William H. Overholt -- a former associate of futurist Herman Kahn and author of the "The Rise of China: How Economic Reform is Creating a New Superpower" -- is even more blunt: "There's a big element of pure insensitivity on the part of a rather provincial group in Washington today.
"The fundamental thing that's going on in Asia is that you have countries in the process of moving from impoverished dictatorships to prosperous, law-based societies, and many of our politicians insist that the only acceptable way is for them to undergo political reform first and economic reform later," said Mr. Overholt, a managing director of the Bankers Trust Co. in Hong Kong.
"But that development path has never worked. There's not one example in the entire history of the world of a Third World country succeeding along that path. And Asian countries, where things largely are working, are the only ones in the world that are standing up to us on this issue."
The rising East-West frictions contrast starkly with President Clinton's vow last fall to turn America's energies as never before toward Asia to form a new "Pacific community."
Increased U.S. engagement is largely sought by Asia, just as the U.S. military presence is generally welcome in the region. Many nations want the United States to play a balancing role there. But Asia also wants something of a partner, not a post-colonial overlord.
And the growing economic strength of many Asian nations -- along with the spreading perception in Asia that U.S. power has peaked -- have set the stage for a new assertiveness in the face of U.S. pressures:
* In China, U.S. attempts to use economic threats to induce human rights improvements are meeting stiff resistance. America's corporate giants have been won over to China's side, sending the Clinton administration into a frantic search for a way out of the dispute without the president's losing too much face.
* In Singapore, U.S. complaints over the sentencing to caning of an American teen-ager convicted of vandalism led last week to a degree of benevolence, a reduction in the number of cane strokes. The teenager Thursday was lashed four times, rather than his original sentence of six strokes. But first, Singapore sharply told the United States that it ought to clean up its own house before advising others how to handle crime, a lecture with which many Americans agreed.

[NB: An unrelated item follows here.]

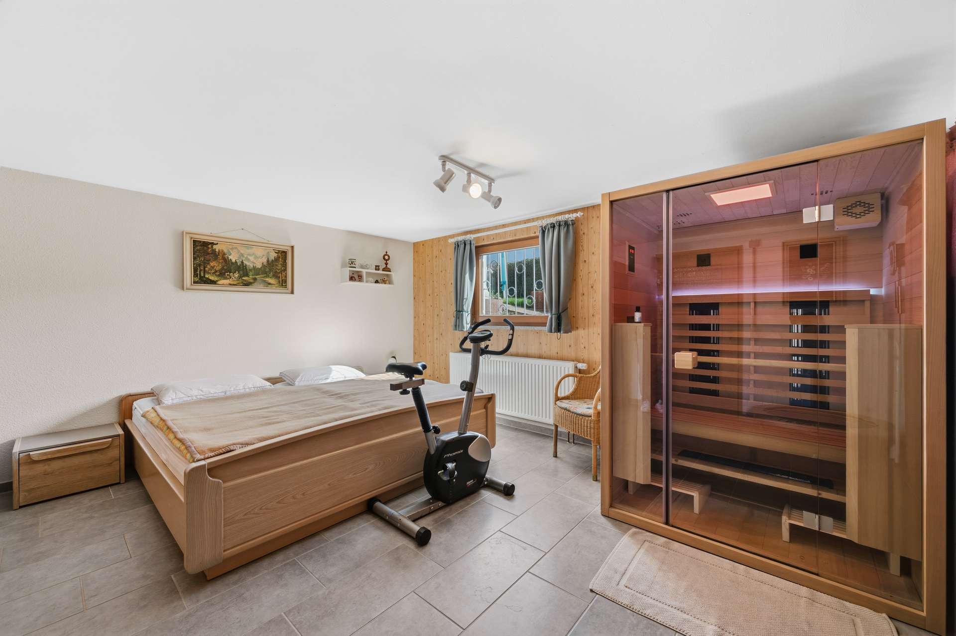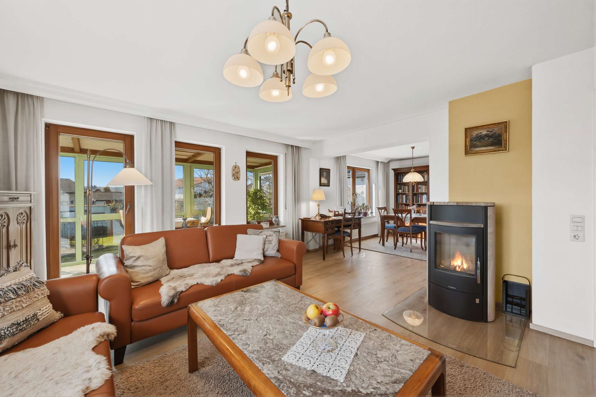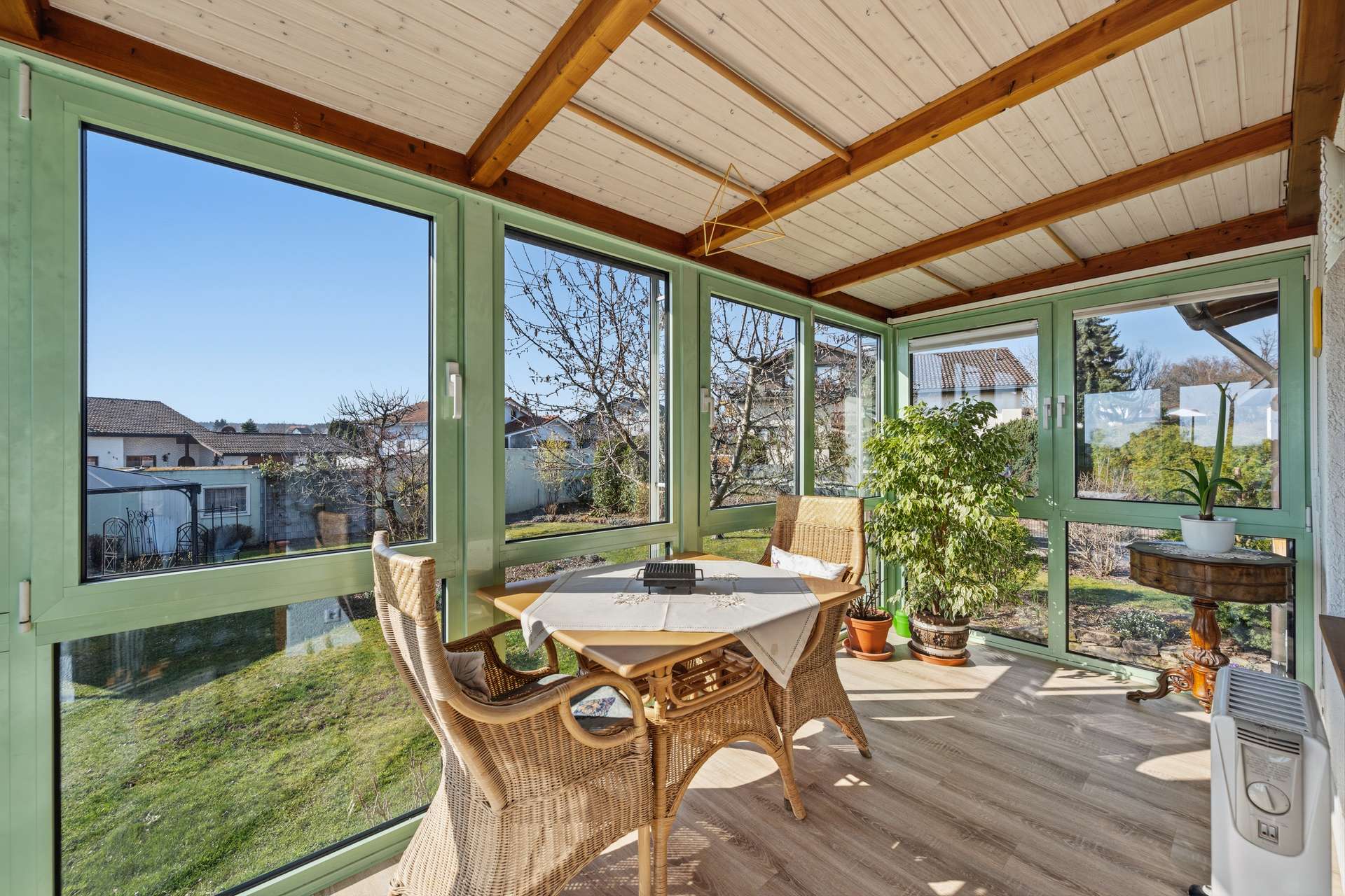 Auch im Inneren überzeugt das Haus mit durchdachten Details und hochwertiger Ausstattung. Zwei stilvolle Bäder sorgen für Komfort und Flexibilität im Alltag. Die hauseigene Sauna bietet eine private Wellnessoase, in der Sie nach einem langen Tag wunderbar entspannen können. Der helle Wintergarten schafft einen fließenden Übergang zwischen Innen- und Außenbereich und schenkt Ihnen zu jeder Jahreszeit einen lichtdurchfluteten Lieblingsplatz mit Blick ins Grüne. Ergänzt wird das Wohlfühlambiente durch einen gemütlichen Kaminofen, der an kühlen Tagen für eine behagliche Wärme und eine besonders stimmungsvolle Atmosphäre sorgt.

* All across Asia, U.S. trade demands of Japan -- particularly the insistence on numerical targets as measures of American penetration of Japanese markets -- are prompting criticism. Asians now rebuke the United States rather than quietly accept being squeezed out of the Japanese market by U.S. targets for U.S. goods.
The East-West clashes have been frequent enough lately that some visualize a metaphorical fissure in the Pacific, a "fault line" separating Western and Asian, largely Confucian, civilizations.
By this logic, the United States and Asia are locked in a competition of political cultures that transcends the particulars of America's disputes with various Asian states.
At its simplest, this conflict boils down to a disagreement over what makes for a good society: individual rights or collective well-being.
In contrast to Western democracies' accent on civil liberties, the predominant Asian political model -- often called "neo-Confucian" "soft authoritarian" -- seeks social stability as the prerequisite for achieving the overriding goal of economic development. As many in the United States recently learned, neo-Confucians -- such as Mr. Lee, Singapore's guiding light -- disdain and fear the relative chaos of Western democracy. They see America's liberties as having led to social decay.
Moreover, the lower economic growth rates in Asia's most vibrant democracies, India and the Philippines, provide negative examples to buttress the economic side of the neo-Confucians' case for the benefits of more iron-handed rule.
In turn, the West has tended to view the arguments for authoritarianism -- whether relatively soft as in Singapore or more overtly repressive as in China -- as merely hollow excuses for the continued excesses of one-party rule.
As a result, the U.S. focus in dealing with many Asian states often has been on their lack of political freedoms by American standards, rather than on their remarkable success in lifting millions from poverty over the last few decades.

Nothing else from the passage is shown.